Hi Folks,
How do you map one XML vocabulary to another? Do you hand-code a bunch of XSLT template rules? Do you create a few million instances of each XML vocabulary and then let machine learning figure out the mapping? Do you write regular expression descriptions of each vocabulary's data and then write code that consumes the regex descriptions and automatically generates XSLT templates? Perhaps something else?
I have two XML vocabularies with closely related data. I want to convert XML instances that conform to vocabulary 1 to an equivalent instance conforming to vocabulary 2, and vice versa.

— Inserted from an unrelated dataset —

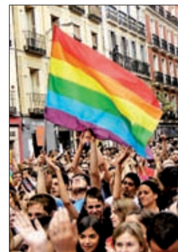
Celebración del Orgullo en 2010

Después del acoso que sufrió el alcalde mientras paseaba a su perro junto a su domicilio y la condena unánime al hecho de las organizaciones de Gays y Lesbianas, el Consistorio abre la puerta al diálogo. Alberto Ruiz-Gallardón recibirá finalmente a los organizadores del Orgullo Gay el próximo martes, día 21, en el Palacio de Cibeles para abordar la problemática surgida al ser suprimidos los espectáculos musicales en la plaza de Chueca porque serían contrarios a la normativa antirruido.

The data in the two vocabularies might be structured quite differently.
The two vocabularies deal with magnetic variation. Magnetic variation is the difference between true north and magnetic north.

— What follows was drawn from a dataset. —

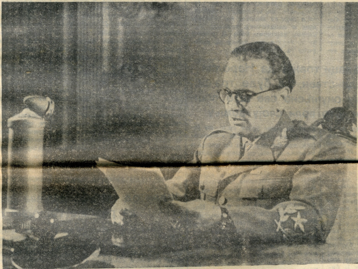
Маршал Тито пред микрофоном за време свог јучерашњег говора

Народно-ослободилачки фронт Југославије мора да се спреми за ове изборе са свом озбиљношћу, коју му диктира данашње стање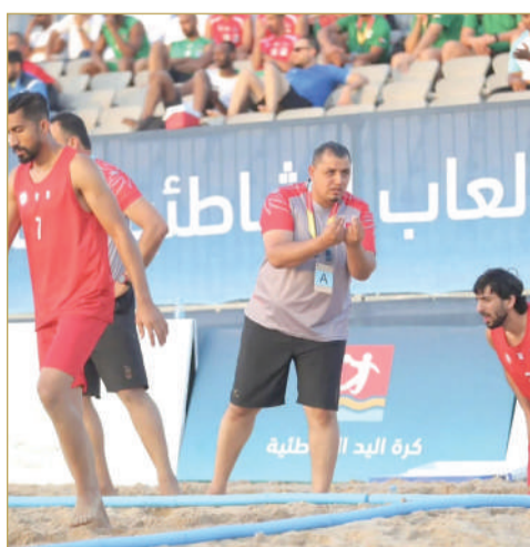
مدرب منتخبنا الوطني لكرة اليد الشاطئية

مؤكداً أن المنافسة في هذه المرحلة ستكون أكثر صعوبة، خصوصاً مع وجود منتخبات بارزة في المجموعة الأخرى مثل قطر وعمان والأردن وباكستان، وهي منتخبات تمتلك خبرات كبيرة في اللعبة؛ ما يجعل المواجهات معها مفتوحة على جميع الاحتمالات.

Here is an XML instance that uses vocabulary 1:
<MAG_VAR>W014404</MAG_VAR>
I want to convert it to vocabulary 2:
<magneticVariation>
<magneticVariationEWT>West</magneticVariationEWT>
<magneticVariationValue>14.7</magneticVariationValue>
</magneticVariation>
And vice-versa.
Here is the mapping between the two formats:
Vocabulary 1 Vocabulary 2
W West
E East
n/a True
Vocabulary 1 expresses magnetic variation in degrees, minutes, and tenths of minutes. Here is the structure of its magnetic variation data:
xyyyzzw
x = W or E corresponding to West and East, respectively.
yyy = the part of the magnetic variation in degrees.
zz = the part of the magnetic variation in minutes.
w = the part of the magnetic variation in tenths of a minute.
So, the data W014404 means the magnetic variation is West, 014 degrees, 40.4 minutes.
Vocabulary 2 expresses magnetic variation as a decimal value 0 to 180, with one digit to the right of the decimal point.
So, the data West, 14.7 means the magnetic variation is 14.7 degrees West.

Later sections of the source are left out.